On page 5 they point out that this means that the sort of badly-behaved page that used to make your entire browser crash will now only affect the one tab. This must happen to me about once a day at least: four separate browser windows open, themed for work-related stuff (several pages of documentation from assorted sites), news (Google Reader for scanning, then I open up any interesting stories in their own tabs), mail, and one for anything else; that's twenty or thirty pages all open at once, some of them regularly updating in the background. When a bad page takes down that lot it's annoying and I thank heaven for Firefox's auto-reopen feature. When the bad page is really bad, and Firefox goes down again straight away as soon as it tries to reopen it, that's when I get annoyed.

Pages 9-11 must be putting the fear of God into Microsoft right now. Google are showing off how they can push automated Chrome testing out over their famous distributed server network, testing tens of thousands of web pages per hour [GOOGLE SMACKS MICROSOFT, #3] and making sure that they cover them in order of importance, as indicated by their very own page ranking alogrithm.
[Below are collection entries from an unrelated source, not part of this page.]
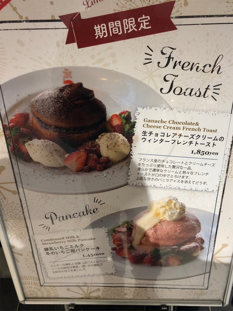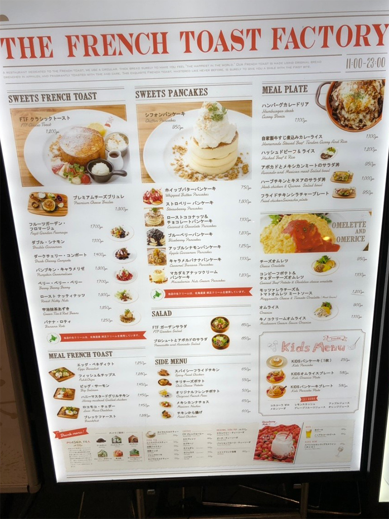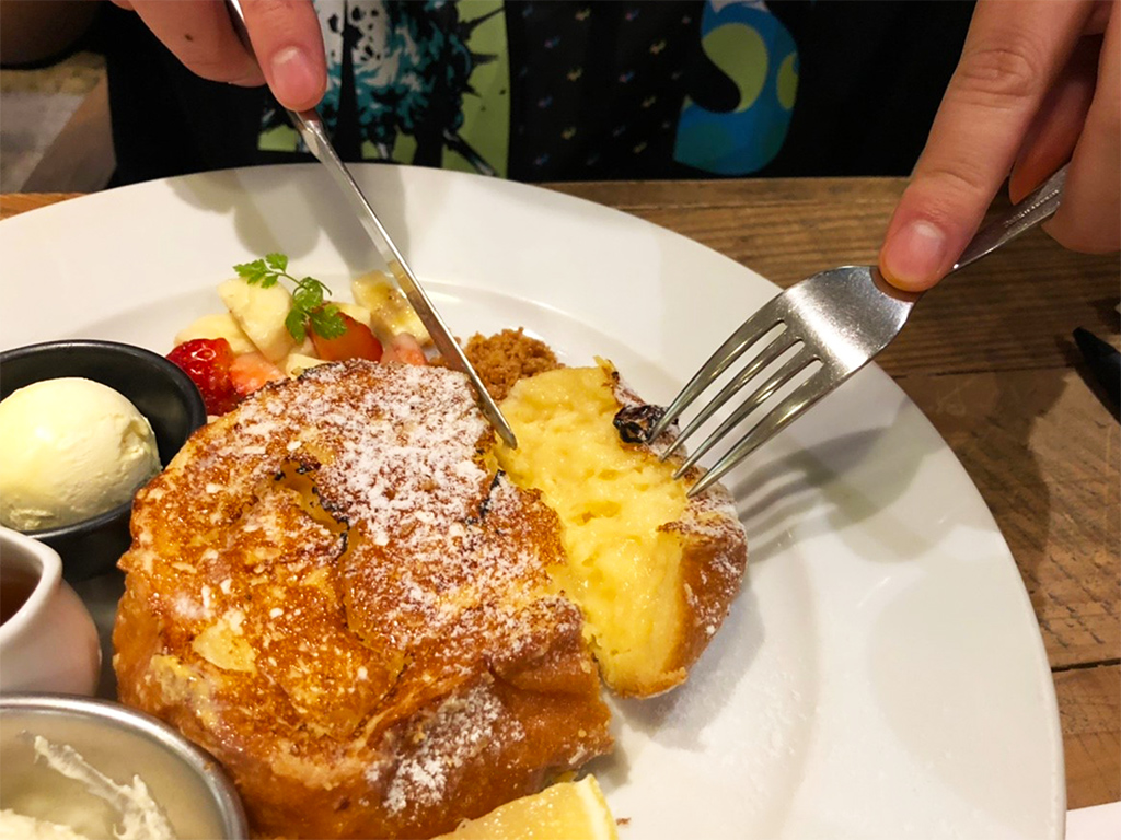 甘いもの好きにはフレンチトースト、フルーツやソースなどのトッピングで甘さの段階を変えたいって人にはパンケーキがおすすめですが、意外と食事系のメニューなんかも充実しているのでカフェ利用はもちろん、食事でも利用出来るってのがシーンを選ばず良いと思います。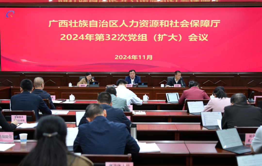 11月27日,自治区人力资源社会保障厅召开第32次党组(扩大)会议,传达学习习近平总书记在湖北考察时的重要讲话精神,以及《中共中央 国务院关于深化产业工人队伍建设改革的意见》精神,研究贯彻落实措施。厅党组书记、厅长唐标文主持会议并讲话。
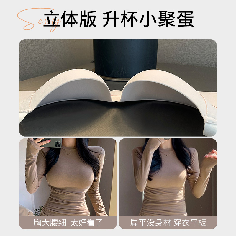 可外露美背细肩带内衣女聚拢隐形无痕一体式 背心文胸固定杯防下垂

Page 13 is very interesting. They mention no names, but I immediately thought of Adobe's Tamarin VM for Javascript, now donated to Apache. Were they thinking of Tamarin? Did they look at it and reject it, or was it not open source back when they decided to write one themselves? I need to look at the timescale for that more carefully. One thing: Tamarin is built for the version of Javascript that didn't make it into the new standard, and work is apparently under way at Apache to convert it for the version that did. Good luck with that. Google probably thought it was better to start from scratch [GOOGLE SMACKS ADOBE]. And if the boys that did the new Javascript VM are more or less the same ones that did the Dalvik VM for Android, then Google probably thinks it can do a damn good job on its own, and rightly so.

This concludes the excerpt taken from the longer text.